Neferkare Amenemnisu was an ancient Egyptian pharaoh, the second king of the 21st Dynasty.

==Family==
===Parentage and Siblings===
Amenemnisu may have been the son of Smendes and born to Tentamun B, the daughter of Ramesses XI. Thus, he was the maternal grandson of Ramesses XI, the last ruler of the 20th Dynasty.

===Marriages and Children===
No wives or children are known.

==Reign==
Amenemnisu succeeded Smendes on the throne.

Reign of Amenemnisu
| Reg Yr | Event |
|---|---|
| 00 | Accession Year of Amenemnisu |
| 01 | Amenemnisu celebrates the start of his reign on 1 Akhet Day 1 (New Year). |
| 02 | - |
| 03 | - |
| 04 | Amenemnisu dies. Accession Year of Psusennes I. |

===Lower Egypt===
Amenemnisu's existence was only confirmed in 1940 when the Tanite tomb of his successor Psusennes I was discovered by Pierre Montet: a gold bow cap inscribed with both Amenemnisu's royal name, Neferkare, and that of his successor Psusennes I was found within the tomb. Previously, his existence had been doubted as no objects naming him had been discovered. However, the memory of his short rule as the second pharaoh of the 21st Dynasty was preserved in Manetho's Epitome as a king Nephercheres who is assigned a short reign of four years.

===Upper Egypt===
====Pardon of rebellions====
While his reign is generally obscure, the then High Priest of Amun at Thebes, Menkheperre, is known to have pardoned several leaders of a rebellion against the High Priest's authority during Amenemnisu's reign. These rebels had previously been exiled to the Western Oasis of Egypt in Year 25 of Smendes. These events are reported on the so-called Banishment Stela (Louvre C. 256), likely made during the brief reign of Amenemnisu.

===Reign Length===
Amenemnisu is thought to have ruled about 4 regnal years.

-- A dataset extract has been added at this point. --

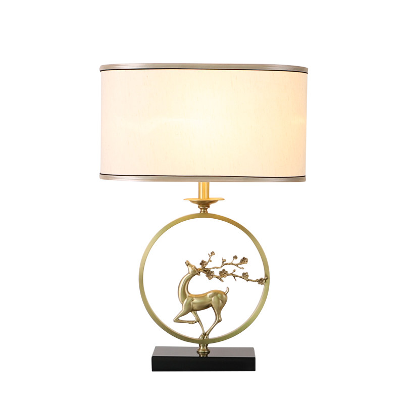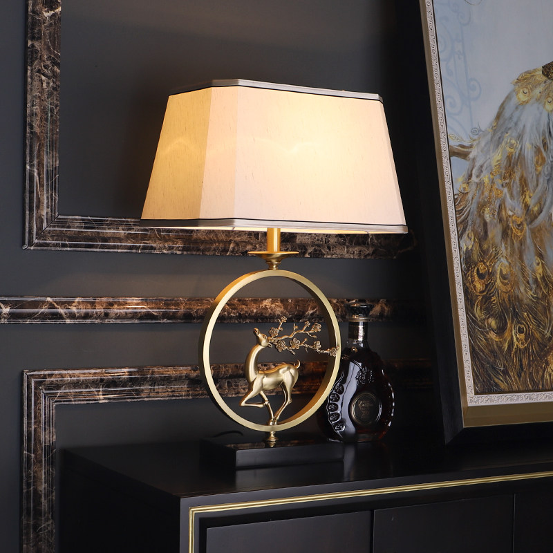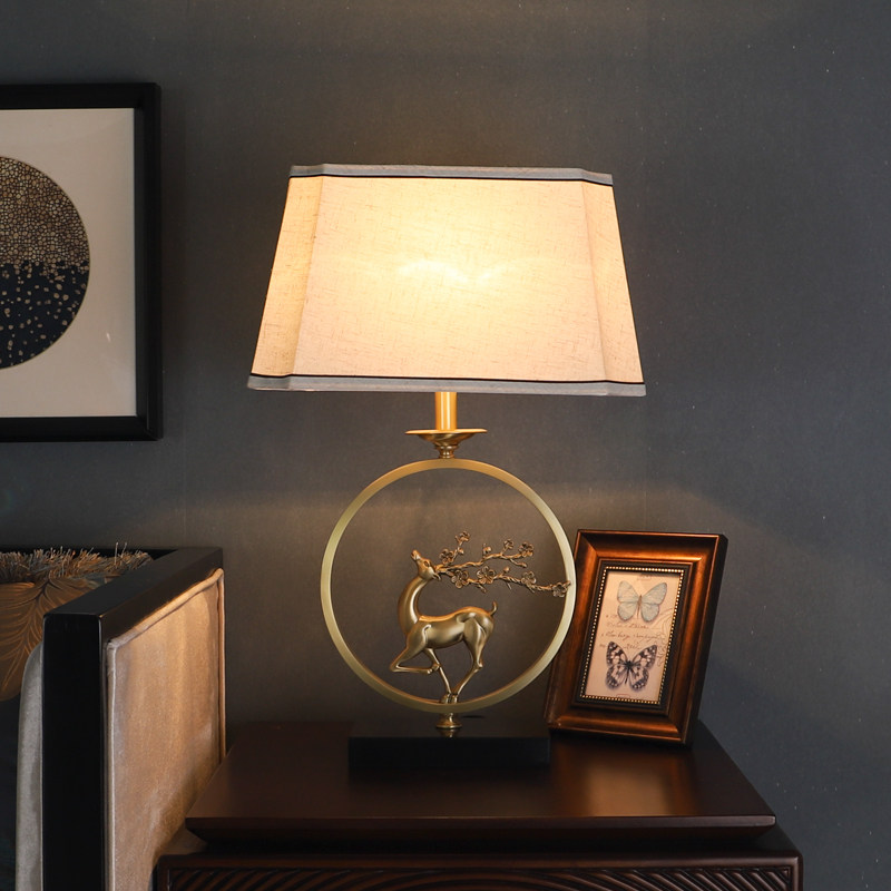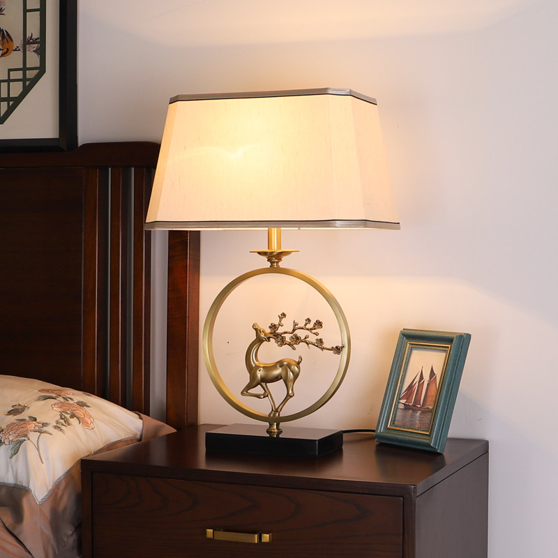 New Chinese-style all-copper table lamp living room study bedroom bedside lamp classical light luxury Chinese style antler Zen table lamp

Manetho assigns him a reign of four years under the name Nephercheres, the Greek rendering of Amenemnisu's throne name, Neferkare. Manetho's Aegyptiaca only exists in fragments and summaries by later writers, Africanus (Syncellus) lists Nephercherês (the third king in his sequence) as reigning for 4 years, Eusebius (Syncellus) lists Nephercherês with a reign of 4 years, Armenian Version of Eusebius records Nephercheres as ruling for 4 years. However, there are discrepancies in Manetho's record regarding the chronology, Nephercheres being placed after Psusennes I.

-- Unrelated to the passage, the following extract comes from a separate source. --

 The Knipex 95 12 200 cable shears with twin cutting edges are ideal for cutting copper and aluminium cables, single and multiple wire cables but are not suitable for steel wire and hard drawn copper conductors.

A gold bow cap found by Pierre Montet, confirms he was actually the second king and Psusennes' predecessor. Before the 1940 discovery of that bow cap, Amenemnisu was known only through Manetho’s lists, leading some early historians to doubt his existence.

===Succession===
Amenemnisu was not succeeded by any of his children, but by his cousin Psusennes I - another maternal grandson of Ramesses XI.

==Burial==
At Tanis, Amenemnisu was buried along with his successor Psusennes I (NRT III). No tomb with the name of Amenemnisu have been found.